Bulgaria vuelve sus ojos a Moscú
En la Universidad de Sofía, la actividad estudiantil parece habitual, pero oculta una inquietud en la generación Z, la cual desempeñó un papel crucial en la caída del Gobierno anterior en diciembre y en la convocatoria de elecciones anticipadas. Este grupo, compuesto por jóvenes nacidos entre 1997 y 2012, manifiesta preocupación por el reciente triunfo de Rumen Radev, un ex presidente considerado prorruso, tras las elecciones del 19 de abril. Su retórica en las últimas dos décadas ha alineado a Radev con posiciones críticas frente a la ayuda militar a Ucrania durante la invasión rusa.

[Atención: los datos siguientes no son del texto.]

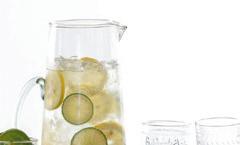 1 Pour 16 cups of water into a pot, squeeze in the juice of half a lime, and then put both lime halves in the pot, add the salt and peppercorns, and bring to a boil. Add the shrimp, cover the pot, and remove from the heat. Let stand for 5 minutes or until the shrimp turn pink. Using a slotted spoon, immediately transfer the shrimp to a sieve and run under cold water for 45 seconds to stop the cooking.

El ambiente en la universidad refleja un descontento por la victoria de un líder que podría asemejarse al primer ministro húngaro Viktor Orbán, conocido por su postura beligerante dentro de la Unión Europea. Los estudiantes, que en el pasado se levantaron contra el sistema político, actualmente sienten que el futuro de Bulgaria podría estar en riesgo bajo una administración que se identifica con la influencia prorrusa. Este contexto electoral marca un momento decisivo para el país, frente a desafíos internos y externos, así como tensiones geopolíticas que afectan su posición en Europa. La generación Z, a pesar de su impotencia temporal, continúa expresando sus preocupaciones respecto a la dirección política en Bulgaria, evidenciando su implicación en un ambiente caracterizado por la agitación y el deseo de cambio en su panorama político.